Dataset excerpts:
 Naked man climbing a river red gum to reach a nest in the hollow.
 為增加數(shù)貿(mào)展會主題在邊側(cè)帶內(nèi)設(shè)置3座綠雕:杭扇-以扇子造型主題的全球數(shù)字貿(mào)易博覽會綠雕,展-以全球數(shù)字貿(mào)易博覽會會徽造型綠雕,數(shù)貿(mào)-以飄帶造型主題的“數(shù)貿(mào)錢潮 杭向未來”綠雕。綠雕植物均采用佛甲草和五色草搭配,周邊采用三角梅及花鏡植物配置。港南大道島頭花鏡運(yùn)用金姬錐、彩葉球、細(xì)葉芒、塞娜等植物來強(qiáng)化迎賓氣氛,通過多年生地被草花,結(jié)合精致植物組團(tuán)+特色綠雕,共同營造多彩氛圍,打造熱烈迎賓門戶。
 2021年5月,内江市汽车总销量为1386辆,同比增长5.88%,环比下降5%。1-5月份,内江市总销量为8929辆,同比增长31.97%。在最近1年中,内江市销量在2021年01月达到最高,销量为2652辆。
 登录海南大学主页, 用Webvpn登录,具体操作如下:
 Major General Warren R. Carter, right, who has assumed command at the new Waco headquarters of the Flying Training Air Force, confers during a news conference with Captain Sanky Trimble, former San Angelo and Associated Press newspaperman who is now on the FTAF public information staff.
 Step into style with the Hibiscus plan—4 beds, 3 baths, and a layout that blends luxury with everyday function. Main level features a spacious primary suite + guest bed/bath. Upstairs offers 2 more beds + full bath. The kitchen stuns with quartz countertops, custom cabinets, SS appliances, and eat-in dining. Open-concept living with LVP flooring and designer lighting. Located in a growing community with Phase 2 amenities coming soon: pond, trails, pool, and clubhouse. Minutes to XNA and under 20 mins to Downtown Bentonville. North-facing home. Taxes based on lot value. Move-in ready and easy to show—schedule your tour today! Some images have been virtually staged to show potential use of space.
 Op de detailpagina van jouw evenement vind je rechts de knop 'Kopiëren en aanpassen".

--

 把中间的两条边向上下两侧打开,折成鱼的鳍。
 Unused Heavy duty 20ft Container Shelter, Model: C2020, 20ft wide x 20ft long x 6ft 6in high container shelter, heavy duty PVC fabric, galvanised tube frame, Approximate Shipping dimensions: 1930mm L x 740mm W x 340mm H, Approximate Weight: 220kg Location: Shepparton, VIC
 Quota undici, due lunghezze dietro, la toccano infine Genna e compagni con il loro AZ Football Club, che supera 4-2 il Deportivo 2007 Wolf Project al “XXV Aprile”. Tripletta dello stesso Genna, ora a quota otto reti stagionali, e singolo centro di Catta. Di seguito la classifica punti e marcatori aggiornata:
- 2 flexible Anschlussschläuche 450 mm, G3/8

What is being asked: What do the lines above say from the one containing "2021年5月,内江市汽车总" down to the one containing "Op de detailpagina"? Return them exactly, both end lines included, and only them.

Response box:
 2021年5月,内江市汽车总销量为1386辆,同比增长5.88%,环比下降5%。1-5月份,内江市总销量为8929辆,同比增长31.97%。在最近1年中,内江市销量在2021年01月达到最高,销量为2652辆。
 登录海南大学主页, 用Webvpn登录,具体操作如下:
 Major General Warren R. Carter, right, who has assumed command at the new Waco headquarters of the Flying Training Air Force, confers during a news conference with Captain Sanky Trimble, former San Angelo and Associated Press newspaperman who is now on the FTAF public information staff.
 Step into style with the Hibiscus plan—4 beds, 3 baths, and a layout that blends luxury with everyday function. Main level features a spacious primary suite + guest bed/bath. Upstairs offers 2 more beds + full bath. The kitchen stuns with quartz countertops, custom cabinets, SS appliances, and eat-in dining. Open-concept living with LVP flooring and designer lighting. Located in a growing community with Phase 2 amenities coming soon: pond, trails, pool, and clubhouse. Minutes to XNA and under 20 mins to Downtown Bentonville. North-facing home. Taxes based on lot value. Move-in ready and easy to show—schedule your tour today! Some images have been virtually staged to show potential use of space.
 Op de detailpagina van jouw evenement vind je rechts de knop 'Kopiëren en aanpassen".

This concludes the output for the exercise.